Alles halb so wild, könnte man nach der Attacke von zwei Dutzend Chaoten gegen die Polizeiwache sagen. Bei der Reitschule fliegen ja schon lange Flaschen gegen Polizeiautos. Und das Amthaus, wo die Justiz ihre Arbeit macht, präsentiert sich selten ohne Farbspritzer.

Doch nur weil sich alle daran gewöhnt haben, darf man den jüngsten Gewaltausbruch nicht mit dem ewig gleichen folgenlosen Empörungs­ritual abhandeln: Eine Meute zieht aus, um gezielt ein Symbol der Staatsmacht zu schädigen, und nimmt dabei Verletzte in Kauf – jetzt muss etwas passieren.

Wie jeden anderen Kultur- und Unterhaltungsbetrieb behandeln

Die Reitschule hat sich als Kultur- und Partybetrieb etabliert und ist zum generationenübergreifenden Liebling geworden: Wo der Enkel in den frühen Morgenstunden mit Bier und Hanf feiert, geniesst am nächsten Tag sein «Grosi» die Filmvorführung. Doch gerade weil die Reitschule im städtischen Leben so selbstverständlich geworden ist, soll man sie auch wie andere Kultur- und Unterhaltungs­betriebe behandeln.

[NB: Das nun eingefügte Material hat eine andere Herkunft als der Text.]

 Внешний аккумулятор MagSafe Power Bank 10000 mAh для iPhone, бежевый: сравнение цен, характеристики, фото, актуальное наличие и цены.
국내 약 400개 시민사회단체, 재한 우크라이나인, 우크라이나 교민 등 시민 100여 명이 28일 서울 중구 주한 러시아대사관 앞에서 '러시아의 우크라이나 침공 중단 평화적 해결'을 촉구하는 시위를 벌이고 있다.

Wenn die Polizei Kriminellen nicht bis in die Reitschule hinein nachjagt, ist das zwar in vielen Fällen klug, weil sonst übermässiger Kollateralschaden droht. Aber man wünscht sich im Kampf gegen Linksextreme im Umfeld der Reitschule nun rasch ähnliche Fahndungserfolge wie gegen Hooligans.

Engere Kooperation erforderlich

Die rot-grüne Mehrheit muss der Polizei glaubwürdiger den Rücken stärken, damit diese wirksamer eingreifen kann. Vor allem muss die Reitschule-Betreiberin Ikur endlich enger mit der Polizei kooperieren. Entgegen stehen dem bis heute die basisdemokratische Gründungstradition und das Selbstverständnis, eine alternative Insel im Meer von Kommerz und Polizeistaat zu sein. Doch wer einen so grossen Betrieb führt, trägt Verantwortung und kann nicht gegenüber einer gewalttätigen Minderheit in den eigenen Reihen loyal sein.

Die Ikur muss sich von Utopia verabschieden – und der Gemeinderat diesem Prozess mit dem Hebel des Leistungsvertrags rasch nachhelfen. Gelingt das nicht, kannibalisiert sich die Reitschule selber – und der Besuch wird bald zum Sicherheitsrisiko.